- _Your task_: Could you reproduce, from the records below, everything from the line with "the voice of" down to the line with "Imagem 12 –", keeping both of those lines and changing nothing?
== Source material
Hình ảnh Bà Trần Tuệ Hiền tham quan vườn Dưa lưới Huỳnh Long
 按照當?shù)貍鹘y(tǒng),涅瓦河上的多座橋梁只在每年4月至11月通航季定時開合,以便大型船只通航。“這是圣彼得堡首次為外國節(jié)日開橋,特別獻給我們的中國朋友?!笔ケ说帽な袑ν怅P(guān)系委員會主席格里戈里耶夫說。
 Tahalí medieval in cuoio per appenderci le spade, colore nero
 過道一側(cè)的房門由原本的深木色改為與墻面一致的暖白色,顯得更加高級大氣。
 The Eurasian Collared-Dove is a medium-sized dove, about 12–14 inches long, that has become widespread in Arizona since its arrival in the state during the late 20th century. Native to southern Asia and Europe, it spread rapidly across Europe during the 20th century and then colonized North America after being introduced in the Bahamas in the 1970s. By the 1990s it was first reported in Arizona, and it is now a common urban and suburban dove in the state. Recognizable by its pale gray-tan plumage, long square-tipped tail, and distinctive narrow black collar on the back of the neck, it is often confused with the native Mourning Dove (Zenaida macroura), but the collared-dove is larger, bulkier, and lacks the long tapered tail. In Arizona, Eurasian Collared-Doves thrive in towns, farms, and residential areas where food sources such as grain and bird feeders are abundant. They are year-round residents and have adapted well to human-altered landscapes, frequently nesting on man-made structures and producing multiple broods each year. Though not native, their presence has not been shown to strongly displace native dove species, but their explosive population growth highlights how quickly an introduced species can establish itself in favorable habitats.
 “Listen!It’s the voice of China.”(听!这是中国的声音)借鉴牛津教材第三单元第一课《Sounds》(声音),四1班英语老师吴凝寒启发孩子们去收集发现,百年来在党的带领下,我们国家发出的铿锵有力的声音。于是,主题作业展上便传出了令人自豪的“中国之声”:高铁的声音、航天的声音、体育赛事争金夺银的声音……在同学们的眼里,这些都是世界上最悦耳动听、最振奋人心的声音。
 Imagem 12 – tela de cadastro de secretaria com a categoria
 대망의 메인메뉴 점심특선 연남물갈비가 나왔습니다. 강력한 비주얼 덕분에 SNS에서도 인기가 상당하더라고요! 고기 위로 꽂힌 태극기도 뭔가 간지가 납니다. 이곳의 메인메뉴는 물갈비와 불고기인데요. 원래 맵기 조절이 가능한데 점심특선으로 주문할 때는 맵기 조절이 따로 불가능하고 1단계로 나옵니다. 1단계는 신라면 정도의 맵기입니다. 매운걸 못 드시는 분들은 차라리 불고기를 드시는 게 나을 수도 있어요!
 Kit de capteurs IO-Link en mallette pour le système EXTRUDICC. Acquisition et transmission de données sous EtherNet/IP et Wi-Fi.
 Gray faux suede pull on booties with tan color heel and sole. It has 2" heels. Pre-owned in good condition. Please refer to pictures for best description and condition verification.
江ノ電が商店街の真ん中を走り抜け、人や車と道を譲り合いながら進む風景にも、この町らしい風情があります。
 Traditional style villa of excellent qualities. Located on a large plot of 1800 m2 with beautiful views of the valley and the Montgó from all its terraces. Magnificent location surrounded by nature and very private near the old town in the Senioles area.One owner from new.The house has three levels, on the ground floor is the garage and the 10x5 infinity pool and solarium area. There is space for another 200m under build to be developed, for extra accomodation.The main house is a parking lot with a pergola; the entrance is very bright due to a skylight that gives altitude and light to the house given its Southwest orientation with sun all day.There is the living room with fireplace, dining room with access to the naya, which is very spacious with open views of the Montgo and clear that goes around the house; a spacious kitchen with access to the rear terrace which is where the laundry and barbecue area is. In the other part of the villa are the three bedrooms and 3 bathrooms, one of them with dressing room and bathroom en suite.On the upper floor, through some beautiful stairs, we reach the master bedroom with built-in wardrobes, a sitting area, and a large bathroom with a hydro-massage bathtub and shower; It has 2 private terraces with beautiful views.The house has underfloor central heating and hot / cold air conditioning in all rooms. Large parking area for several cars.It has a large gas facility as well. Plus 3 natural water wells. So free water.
====
- _Answer space_:
 “Listen!It’s the voice of China.”(听!这是中国的声音)借鉴牛津教材第三单元第一课《Sounds》(声音),四1班英语老师吴凝寒启发孩子们去收集发现,百年来在党的带领下,我们国家发出的铿锵有力的声音。于是,主题作业展上便传出了令人自豪的“中国之声”:高铁的声音、航天的声音、体育赛事争金夺银的声音……在同学们的眼里,这些都是世界上最悦耳动听、最振奋人心的声音。
 Imagem 12 – tela de cadastro de secretaria com a categoria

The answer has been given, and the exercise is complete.